Abstract:
This paper studies the performance degradation
of Gaussian probabilistic linear discriminant analysis
(GPLDA) speaker verification system, when only
short-utterance data is used for speaker verification system
development. Subsequently, a number of techniques,
including utterance partitioning and source-normalised
weighted linear discriminant analysis (SN-WLDA) projections
are introduced to improve the speaker verification
performance in such conditions. Experimental studies
have found that when short utterance data is available for
speaker verification development, GPLDA system overall
achieves best performance with a lower number of universal
background model (UBM) components. As a lower
number of UBM components significantly reduces the
computational complexity of speaker verification system,
that is a useful observation. In limited session data conditions,
we propose a simple utterance-partitioning technique,
which when applied to the LDA-projected GPLDA system
shows over 8% relative improvement on EER values over baseline system on NIST 2008 truncated 10–10 s conditions.
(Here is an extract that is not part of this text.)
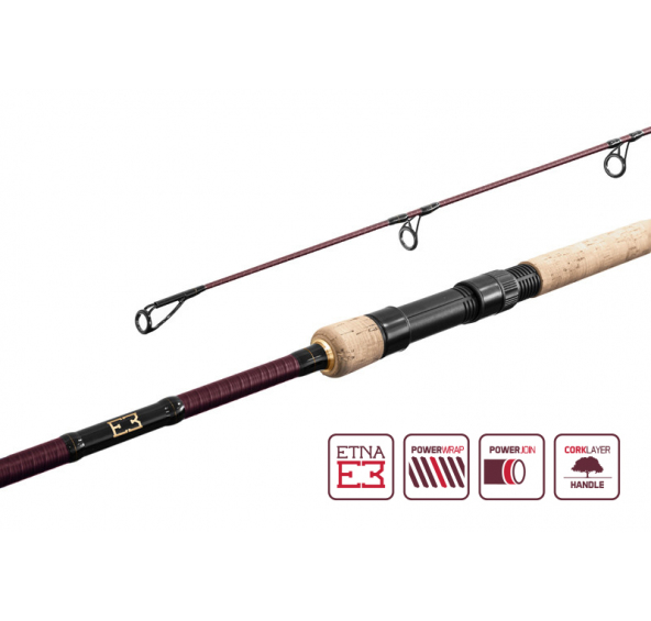 Řada vínově bordových prutů Delphin ETNA E3 Cork je již třetím pokračovatelem nejúspěšnější série kaprových prutů značky Delphin. Snažili jsme se zachovat všechno to, co dělá tyto pruty bestsellery, ale i přidat něco zcela nového, abychom opět posunuli výše pomyslnou laťku kvality, požitku z rybolovu a spolehlivosti. Právě to stálo za zrodem vývoje technologie Delphin 2Power. Tato technologie se skládá ze dvou podsegmentů, a to PowerWrap a PowerJoin. Oba segmenty jsou aplikovány na každém modelu série E3. PowerWrap si všimnete okamžitě při kontaktu s prutem. Jedná se o dodatečné vinutí karbonu po celé délce prutu, kterým jsme dosáhli výrazného zvýšení pevnosti. Také zvyšuje odolnost vůči momentovému přetížení prutu. V praxi to znamená výrazně vyšší životnost prutu a snížení náchylnosti na mechanické poškození. Sekundárním aspektem tohoto vinutí je vizuálně velmi přitažlivý prvek strukturovaného blanku. Vyslechli jsme ale i hlasy fanoušků korku a po odmlce v druhé generaci jsou příjemné korkové rukojeti opět opcí Etny. PowerJoin není tak nápadným detailem jako wrap, je však neméně důležitým prvkem tohoto povedeného celku. Obnáší totiž malý kovový kroužek na konci každého spoje, což výrazně snižuje možnost tříštivého poškození blanku. Navzdory této zesilující kúře jsme zapracovali na štíhlosti blanků a tedy opět můžeme směle potvrdit, že patří jednoznačně mezi nejštíhlejší ve své třídě. Také si blanky zachovávají své nadprůměrně výborné vlastnosti z hlediska nahazování i zdolávání s parabolickou akcí. Blanky jsou osazeny kvalitními odlehčenými SiC očky, které skvěle vedou vlasec. E3 s sebou přináší i modely, které jste dosud v naší nabídce neměli možnost vidět. Jsou to dvoudílné pruty o délkách 2.7m a 3.3m, ideální na lov na menších, či zarostlých vodách, ale zároveň výborné univerzály na vývažku a zdolávačku z člunu. Technické parametry: Model 270cm / 2.50lbs Počet dílů: 2 Průměr blanku nad rukojetí: 11,13mm Počet oček: 6 Transportní délka: 140cm Hmotnost: 258g Rukojeť: Korek Délka rukojeti (od spodní části prutu po střed sedla): 53cm Velikost naváděcího očka: #40 Model 300cm / 3.00lbs Počet dílů: 2 Průměr blanku nad rukojetí: 11,53mm Počet oček: 6 Transportní délka: 154cm Hmotnost: 302g Rukojeť: Korek Délka rukojeti (od spodní části prutu po střed sedla): 56cm Velikost naváděcího očka: #40 Model 330cm / 3.00lbs Počet dílů: 2 Průměr blanku nad rukojetí: 12,07mm Počet oček: 6 Transportní délka: 170cm Hmotnost: 318g Rukojeť: Korek Délka rukojeti (od spodní části prutu po střed sedla): 59cm Velikost naváděcího očka: #40 Model 360cm / 3.00lbs Počet dílů: 2 Průměr blanku nad rukojetí: 13,22mm Počet oček: 6 Transportní délka: 187cm Hmotnost: 358g Rukojeť: Korek Délka rukojeti (od spodní části prutu po střed sedla): 63 Velikost naváděcího očka: #50 Model 390cm / 3.00lbs Počet dílů: 2 Průměr blanku nad rukojetí: 15,11mm Počet oček: 6 Transportní délka: 199cm Hmotnost: 530g Rukojeť: Korek Délka rukojeti (od spodní části prutu po střed sedla): 68cm Velikost naváděcího očka: #50 Model 360cm / 3.00lbs Počet dílů: 3 Průměr blanku nad rukojetí: 13,06mm Počet oček: 6 Transportní délka: 126cm Hmotnost: 384g Rukojeť: Korek Délka rukojeti (od spodní části prutu po střed sedla): 63cm Velikost naváděcího očka: #50

We conjecture that this improvement arises from the
apparent increase in the number of sessions arising from
our partitioning technique and this helps to better model the
GPLDA parameters. Further, partitioning SN-WLDA-projected
GPLDA shows over 16% and 6% relative improvement
on EER values over LDA-projected GPLDA systems
respectively on NIST 2008 truncated 10–10 s interviewinterview,
and NIST 2010 truncated 10–10 s interviewinterview
and telephone-telephone conditions.